Progress Report 4/5/2023
SVM
Image Pre-Processing: extract important features
From RGB to HSV:
Hue, Saturation, Value (HSV) is another way to represent a image. rgb2hsv() returns HSV representation of the image.
Extract Dominant Colors
Edge Length
Edges are detected using Canny Edge Detection. Canny method gives the number of relatively sharp points (lines) in the image.
Sharpness
In order to determine how sharp the image is, we estimate the sharpness of the image from the image gradient. Below is the comparison between a sharper image and a blurry image.
2D-DFT
2D-DFT are computed by converting the images to gray scale. Originally, with RGB matrix, we have the image in shape of (256, 256, 3). After converting it to gray scale by fft2(), the shape becomes (256, 256, 1). However, there are significant lines on 2D-DFT only when there are sinusoidal oscillations in the grayscale image. In our case, the art images do not show much oscillations, as shown below.
Histograms
Color Histogram
Gray Histogram
SVM: data fitting and make predictions
Trained by 50000 images, and test the model on 10000 images. The Confusion Matrix is shown below.
Pre-processing
Image Normalization
The images are normalized with the mean and standard deviation for the entire dataset to improve the accuracy of the CNN and to prevent overflow.
The Neural Net Model
VGG-BN
A version of Visual Geometry Group - Batch Normalized(VGG-BN) is implemented.
The current challenge is making sure that there is no error in the algorithms before training the neural network. Since training will take a long time, we really want to make sure that everything is working as expected before training. This challenge can be resolved by having design reviews with the professor and the GSI.
Current Progress
The CNN model was trained for 3 epochs, reaching an accuracy of 40% on the testing data.
On the left is the confusion matrix, showing the probability of correct output given each category.
On the right is the running correctness during the training phase. The accuracy seem to be asymptotically approaching 40~50%. This issue could be solved by implementing a deeper convolutional layer in hope to pick up more details in the images.
Since the running accuracy is re-calculated every epoch, severe oscillation in the accuracy is observed at the beginning of each epoch. In addition, the accuracy improvement of the VGG toward the end of each epoch is better represented by the beginning of the next epoch.

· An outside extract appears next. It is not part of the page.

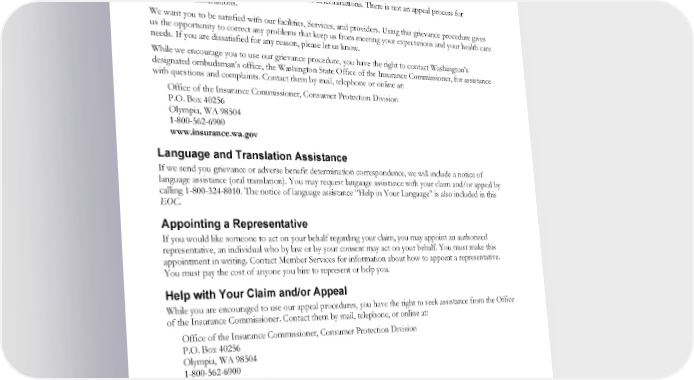 After you notify us of a complaint, this is what happens: A representative reviews the complaint and conducts an investigation, verifying all the relevant facts. The representative or a physician evaluates the facts and makes a recommendation for corrective action, if any. When you file a complaint, we will respond within 30 calendar days. Grievance determinations are not adverse benefit determinations. There is not an appeal process for grievance determinations. We want you to be satisfied with our facilities, Services, and providers. Using this grievance procedure gives us the opportunity to correct any problems that keep us from meeting your expectations and your health care needs. If you are dissatisfied for any reason, please let us know. While we encourage you to use our grievance procedure, you have the right to contact Washington’s designated ombudsman’s office, the Washington State Office of the Insurance Commissioner, for assistance with questions and complaints. Contact them by mail, telephone or online at: Office of the Insurance Commissioner, Consumer Protection Division P.O. Box 40256 Olympia, WA 98504 1-800-562-6900 www.insurance.wa.gov Language and Translation Assistance If we send you grievance or adverse benefit determination correspondence, we will include a notice of language assistance (oral translation). You may request language assistance with your claim and/or appeal by calling 1-800-324-8010. The notice of language assistance “Help in Your Language” is also included in this EOC. Appointing a Representative If you would like someone to act on your behalf regarding your claim, you may appoint an authorized representative, an individual who by law or by your consent may act on your behalf. You must make this appointment in writing. Contact Member Services for information about how to appoint a representative. You must pay the cost of anyone you hire to represent or help you. Help with Your Claim and/or Appeal While you are encouraged to use our appeal procedures, you have the right to seek assistance from the Office of the Insurance Commissioner. Contact them by mail, telephone, or online at: Office of the Insurance Commissioner, Consumer Protection Division P.O. Box 40256 Olympia, WA 98504 1-800-562-6900 www.insurance.wa.gov Reviewing Information Regarding Your Claim If you want to review the information that we have collected regarding your claim, you may request, and we will provide without charge, copies of all relevant documents, records, and other information (including complete medical necessity criteria, benefit provisions, guidelines, or protocols) used to make a denial determination. You also have the right to request any diagnosis and treatment codes and their meanings that are the subject of your claim. To make a request, you should contact Member Services. EWCLGDED1983ACT0124 84 WAPEBB-CL-ACT

We can take a similar approach to analyze a matrix, the gram matrix. Again, we start by extracting the feature maps of the desired image from the CNN. Since the feature maps have three dimensions (height, width, and channel), we can simplify later operations by flattening one of its dimensions first. Then by performing matrix multiplication with its transpose to measure the similarity between the rows of the flattened feature map.
If we are given 2 feature maps, one from the content image, and the other from the generated image, we can then use the equation on the right to calculate its content loss.
This equation resembles a Mean Square Error (MSE) function that calculates the squared ℓ2 distance between two convolutional feature maps.
If we then perform the gradient descent to minimize the content loss, we can achieve the goal of preserving the maximum amount of content from the input image.
Gram Matrix Visualized
The style loss is very similar to the content loss in ways that it uses Mean Square Error to calculate the distance between the generated style image with the input style image. This time the difference measured is the style image's gram matrix and the generated image's gram matrix. We can also add a weight parameter to help us easily tune the amount of style we want to preserve in the final generated image.
We can also perform gradient descent to preserve the most style.
Style Transfer
The team has very little experience with Generative Adversarial Networks (GAN). We started by reading over slides from EECS 504 and obtaining more knowledge through research papers and documents. So far, our group developed a general understanding of concepts like the gram matrix, Content Loss, and Style Loss. Based on our understanding of how GAN works, we chose a few images from ArtBench with distinct styles for the training of our GAN. We obtained A simple starter code from our GSI, Javier, and started the implementation of a few functions.
The challenge that we are facing right now is the inability to determine the correctness of the developed algorithms. We will check with Javier to make sure that our current understanding of GAN is accurate before implementing other functions.
What we've learned so far
We learned basic ideas about SVM, GAN, and CNN, and how to implement them in our program. We applied pre-processing techniques with the DSP tools that we learned in class, such as convolution, matrix representation, and change of basis. We gained experience with using machine learning libraries such as PyTorch.
Plans for the next step
Design review CNN with the GSI and professor, then start training a deeper version of VGG-BN with more convolutional layers.
GAN: After consulting with the GSI, we will revise our implementation of the essential functions like gram matrix, Content Loss and Style Loss, to make it more efficient to run. Then start training immediately.
Refine the input of the SVM, analyze the confusion matrix to see possible areas of improvement. We shall temporarily remove those art-styles that are often confuses the SVM model, and see how the SVM model work with the rest images. For those temporarily removed art-styles, we can develop additional SVM model for them separately. We should further investigate how different features affect classification results.